CROSS-REFERENCE TO RELATED APPLICATION

The present application is related to Australian Provisional Patent Application No. 2020903435, entitled “Power line stringing system and method” and filed on 24 Sep. 2020 in the name of Infravision Holdings Pty Ltd and Australian Provisional Patent Application No. 2021902353, entitled “Line attachment device” and filed on 30 Jul. 2021 in the name of Infravision Holdings Pty Ltd, the entire content of each of which is incorporated herein by reference as if fully set forth herewith.

TECHNICAL FIELD

The present disclosure relates to a power line stringing system and method. In particular, the present invention relates to a system and method for installing high voltage power line cables on transmission towers.

BACKGROUND OF THE INVENTION

Stringing high voltage power lines to transmission towers is a difficult, dangerous, and time consuming operation involving helicopters, cable winches, and a large work force of dozens of workers in the field, some of them very highly skilled, such as helicopter pilots and the helicopter crews.

Using helicopters in close proximity to transmission towers is inherently very dangerous as sudden wind gusts can cause accidents with catastrophic consequences. The resources required and cost to conduct such an operation are also immense due to the total number of man hours needed, the high levels of expertise required, the running costs for the helicopter and other equipment, the safety requirements, etc. Helicopters have traditionally been required to perform the power line stringing operation because of the weight of the power line cables, which require powerful aircraft to lift the cables and the ability to hover over the transmission tower while the cable is installed.

However, due to safety concerns, helicopters can only be operated during favourable weather conditions. Even so, due to the dangerous nature of operating a helicopter near transmission towers, accidents happen frequently and insurance for such practices is difficult to obtain and prohibitively expensive.

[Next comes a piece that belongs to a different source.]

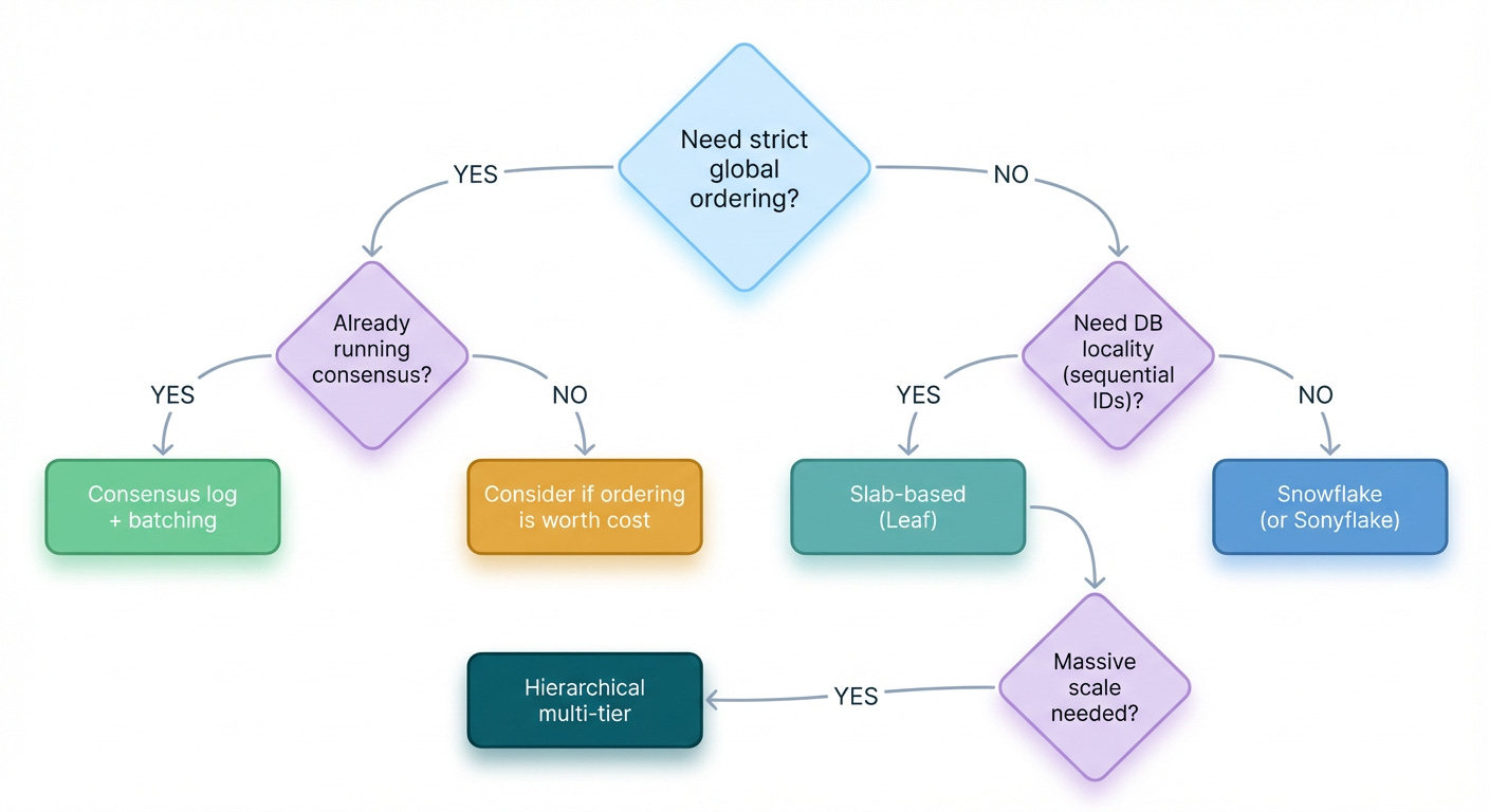 UUIDs offer zero coordination—any node generates 128 random bits independently. But they’re large, unsortable, and their randomness destroys B-tree locality. Every insert lands on a random leaf page.

The dozens of highly skilled workers required to perform such an operation is also a significant expense and can impair operations if the required personnel are not available.

It is therefore desirable to provide a safer and more efficient system and method for installing high voltage power line cables on transmission towers.

OBJECT OF THE INVENTION

It is an object of the present invention to substantially overcome or at least ameliorate one or more of the above disadvantages, to meet the above desire, or to provide a useful alternative to the prior art.

SUMMARY OF THE INVENTION

In a first aspect, the present disclosure provides a method for installing power line cables on transmission towers, the method comprising:

• • providing at a first staging point a first line section of said line spooled at a first end on a mobile winch and attached at a second end to an Unmanned Aircraft System (UAS);
  • operating the UAS and mobile winch to pay out the first line section and deliver the second end of the first line section sequentially to each of a first plurality of said series of transmission towers and to thread or otherwise attach the first line section onto a support of each transmission tower until the UAS reaches a second staging point;
  • detaching the first end of the first line section from the mobile winch and attaching it to a first anchor at the first staging point and detaching the second end of the first line section from the UAS and securing it to a second anchor at the second staging point;
  • moving the mobile winch and UAS to a further staging point, spaced from the second staging point by a further plurality of said series of transmission towers, and loading a first end of a second line section of said line onto the mobile winch and attaching a second end of the second line section to the UAS;
  • operating the UAS and mobile winch to pay out the second line section and deliver the second end of the second line section sequentially to each of the further plurality of transmission towers and to thread or otherwise attach the second line section onto a support of each transmission tower until the UAS reaches the second staging point;
  • connecting the second end of the first line section to the second end of the second line section.

Optionally, the method further comprises repeating the steps of moving the mobile winch and UAS to a further staging point and operating the UAS and mobile winch to deliver a further line section to a further plurality of transmission towers until the entire series of transmission towers is connected sequentially by the line.

In a preferred embodiment, the method further comprises:

• • connecting an end of the line to a power line cable; and
  • operating the mobile winch to wind in the line, thereby drawing the power line cable in place of the line.

In another preferred embodiment, the method further comprises:

• • connecting an end of the line to a secondary line;
  • operating the mobile winch to wind in the line, thereby drawing the secondary line in place of the line;
  • connecting an end of the secondary line to a power line cable; and
  • operating the mobile winch to wind in the secondary line, thereby drawing the power line cable in place of the secondary line.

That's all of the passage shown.